A tribute to Al Alvarez by one of our Festival Film short-listers finds more than one link between Hampstead Heath and The Ogre.
Somehow, I missed the news of the death of Al Alvarez. To be brutally honest, if you'd have asked me beforehand, I would probably have thought he passed on some years ago. Had I been paying attention, I of course would have known that he was still alive and kicking (until 2012 literally: the breaststroke kick in Hampstead Ponds in sub-zero temperatures) into his tenth decade.
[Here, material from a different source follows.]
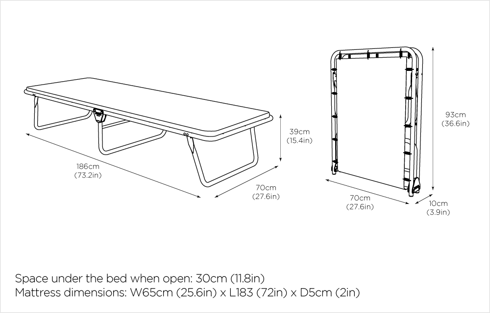 Dieses leichte und kompakte Bett ist ideal für Camping oder Reisen und verfügt über eine atmungsaktive Rebound-E-Fibre-Matratze und eine langlebige J-Tex-Federbasis für Komfort und Halt. Es ist umweltfreundlich, hypoallergen und verfügt über eine lebensla

Outdoor Swimming Spots Across London
Probably best known to the world at large as a poet, critic and journalist, most climbers will know him as the author of Feeding the Rat; a portrait of Mo Anthoine and meditation on climbing, risk, and the nature of the games we play. Saddened by the belated news, I found my dog-eared copy, reread it almost at a single sitting, and was prompted to rouse out some of his other books I'd somehow never got around to.
Most climbing books, it's fair to say, gain their appeal from the derring-do they describe rather than from intrinsic literary merit. As a young man, like others in the early grip of the same obsession, I devoured all the climbing literature I could lay my hands on – from Whymper's Scrambles amongst the Alps onwards. Yet it was only when I came upon Feeding the Rat that I found a book that showed what a book ostensibly about climbing could convey about the nature of risk, obsession, friendship and adventure.
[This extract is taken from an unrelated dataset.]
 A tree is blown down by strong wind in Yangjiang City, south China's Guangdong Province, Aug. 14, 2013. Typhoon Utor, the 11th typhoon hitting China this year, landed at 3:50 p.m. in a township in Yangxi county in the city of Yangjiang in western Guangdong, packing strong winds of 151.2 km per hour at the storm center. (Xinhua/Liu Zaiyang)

Perhaps not coincidentally, Alvarez was never, as he was the first to admit, 'a climber of the first rank', but he was unsurpassed as a chronicler and connoisseur of the climbing life and its attendant themes. His preoccupation with risky business extended through his life – his other favourite recreation was high-stakes poker. According to his friends, ‘he was a good poker player – but not world-class,’ but his book The Biggest Game in Town is frequently described as the best book ever written about poker, and it spawned a minor sub-genre of 'poker literature'.
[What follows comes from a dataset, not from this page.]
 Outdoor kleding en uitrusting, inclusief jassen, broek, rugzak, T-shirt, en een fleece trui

By coincidence or not, Alvarez's influence is threaded through the London Mountain Film Festival.
Mo Anthoine, the primary subject of Feeding the Rat, was instrumental in saving the bacon of one of the weekend's most illustrious speakers on that epic Ogre trip - Doug Scott - and that of his expedition colleague Sir Chris Bonington. Alvarez himself appears in one of the films entered for this festival (and must surely be selected), spritely and articulate as ever at ninety. The Home for Broken Toys features a Sunday morning Hampstead open-water swimming group, the creation of which was inspired by Alvarez.
In times like these when to be a career adventurer involves having an eye for the Facebook post, the film footage, the Instagram reach, the sponsorship opportunities and so on, Alvarez's books and his life are a reminder that chronicling the adventure can be more than just a means to fund the next one. It can be, for want of a better word, art.
Alvarez’s last book, Pondlife – the inspiration for filmmaker Holly Butcher to make The Home for Broken Toys – is a case in point, making a gripping read out of the unpromising material of an old man swimming in the same spot repeatedly for seven years. Somehow in Alvarez's hands, it becomes a poignant treatise on age, endurance, nature, and still, above all, adventure.
Catch him if you can in The Home for Broken Toys. I'm not sure they make them like him anymore.